# OPSEC on your property



## Elvis (Jun 22, 2018)

I have a lot of storage space here on the property, several outbuildings and a wall of cabinets in a garage that was half way converted into a large room but the interior work was never finished by the former owner. A little stashed here, a little stashed there, so inside the house there is nothing that screams "prepper". When work needs to be done I usually do it myself rather than bring someone in both for financial and OPSEC reasons. 

But I suck at some jobs so I brought in a guy to do some work in the old "garage" I had to sanitize a few things but left everything in the cabinets (basically a long wall of doors I build years ago) that that can't be locked and are full of preps that are also hobbies. The guy asked about the wall of cabinets. I explained to him that I had many hobbies that required stuff. I could tell by the doors that he'd looked in one of them. From wine making to cheese making; reloading and canning, salt curing meat and making vinegar; all stored in those cabinets and all used because I really believe in practicing my preps.

Staying quiet about your preps can be quite a challenge. 

I have a farmer neighbor who occasionally uses my shop if he needs a tool, welder, or air compressor to fix something, A few neighbors who also have permission to go in the shop to use the saws if needed. I believe its a prep to keep good relations with your neighbors and I like my neighbors. The doors to areas that hold things like economy bottles of Dawn soap and buckets full of salt and sugar are locked but the locks may raise questions in their minds.

Tell us about your OPSEC challenges and how you deal with them.


----------



## Lunatic Wrench (May 13, 2018)

I'm in an apartment, I keep my preps down in our storage locker which can't been seen into.
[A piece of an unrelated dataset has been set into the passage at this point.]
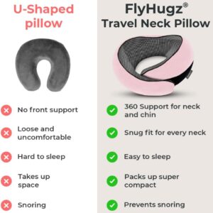 Ultimate Travel Comfort & Proven Neck Support- FlyHugz neck pillow is designed with a unique shape to provide top-level comfort and neck support. The internal structure keeps your head and neck upright while you nap, preventing aches, strains, and neck pain. It’s the best travel pillow for long flights, perfect for airplanes, trains, and cars. With soft yet firm chin support, you’ll say goodbye to snoring and mouth-opening moments.
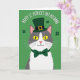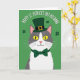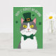 This greeting card features an anthropomorphic cat dressed up for St. Patrick’s Day, with a soft gray coat, a bright white muzzle, and tall ears that frame its face. A dark green leprechaun hat sits at a jaunty angle on its head, finished with a small golden buckle, and an emerald bow tie rests neatly under its chin like it got ready just for someone special 💚. The cat’s wide yellow eyes, with slim black pupils, hold an attentive, affectionate look that feels like it’s locking eyes with its favorite person. The background is a rich green field sprinkled with darker green shamrocks, adding texture without pulling attention away from the cat ☘️. Across the top, the message “HAPPY ST. PATRICK’S DAY HUSBAND” is set in white lettering that arches over the character. The bright text stands out sharply against the green, keeping the greeting easy to spot at first glance. Darker shamrock shapes repeat around the edges, creating a patterned frame behind the centered cat.

I also store a lot of my construction tools down there so I'm in and out a lot so no one really pays attention to what I'm doing.


----------



## Illini Warrior (Jan 24, 2015)

a real telltale of prepping more than anything else is the food and water - pantries of shelves with months worth of can goods and DIY canning have to be room contained and locked from casual observation .... 

in regard to 5 gallon bucket long term food storage - having stacks of buckets all nicely labeled is just asking for a OPSEC break - code label the buckets with a separate content index roster - fake label the buckets as something explainable or perhaps disguised as paint - I use colored PVC electrical tape to divide buckets into different content categories ....


----------



## Elvis (Jun 22, 2018)

Illini Warrior said:


> a real teltale of prepping more than anything else is the food and water - pantries of shelves with months worth of can goods and DIY canning have to be room contained and locked from casual observation ....
> 
> in regard to 5 gallon bucket long term food storage - having stacks of buckets all nicely labeled is just asking for a OPSEC break - code label the buckets with a separate content index roster - fake label the buckets as something explainable or perhaps disguised as paint - I use colored PVC electrical tape to divide buckets into different content categories ....


I need to relabel the buckets. Currently the lids of my buckets say things like "45 lbs corn, 450 calories per cup, 45,000 calories total.


----------



## Elvis (Jun 22, 2018)

While I've got my challenges for OPSEC I'd imagine that people in the cities have even more storage OPSEC challenges. Tell us your real life worries.


----------



## StratMaster (Dec 26, 2017)

Elvis said:


> I need to relabel the buckets. Currently the lids of my buckets say things like "45 lbs corn, 450 calories per cup, 45,000 calories total.


The labels on my buckets say "rigged with high explosives... dig in!"


----------



## Mad Trapper (Feb 12, 2014)

All outside doors have one of these.


----------



## Chipper (Dec 22, 2012)

My property is off limits to everyone and the neighbors know it. I will gladly come over and help bringing my tools and expertise when asked. If I don't know how to do something I figure it out, learn or ask but will not allow strangers in, period.


----------



## Yavanna (Aug 27, 2018)

I live in the city, so it is really more difficult, since neighbours tend to be snoopy. The whole area is fenced off ( 6 feet tall fence), but still people can see inside the garden, and I plant a lot of things. 
When visitors get inside the house, they only get to the sitting room. If works needs to be done in some part of the house, we move itens the itens to another room beforehand.


----------



## AquaHull (Jun 10, 2012)

In the 2 1/2 years Mom had caregivers, I've had over 40 different girls from very different backgrounds. The Black Motorcycle chick seemed to have her head on straight and became a student of God.

All of them had their ears glued to the phone, supplies always came up missing. They didn't even see a 1/4 of it though, but they knew.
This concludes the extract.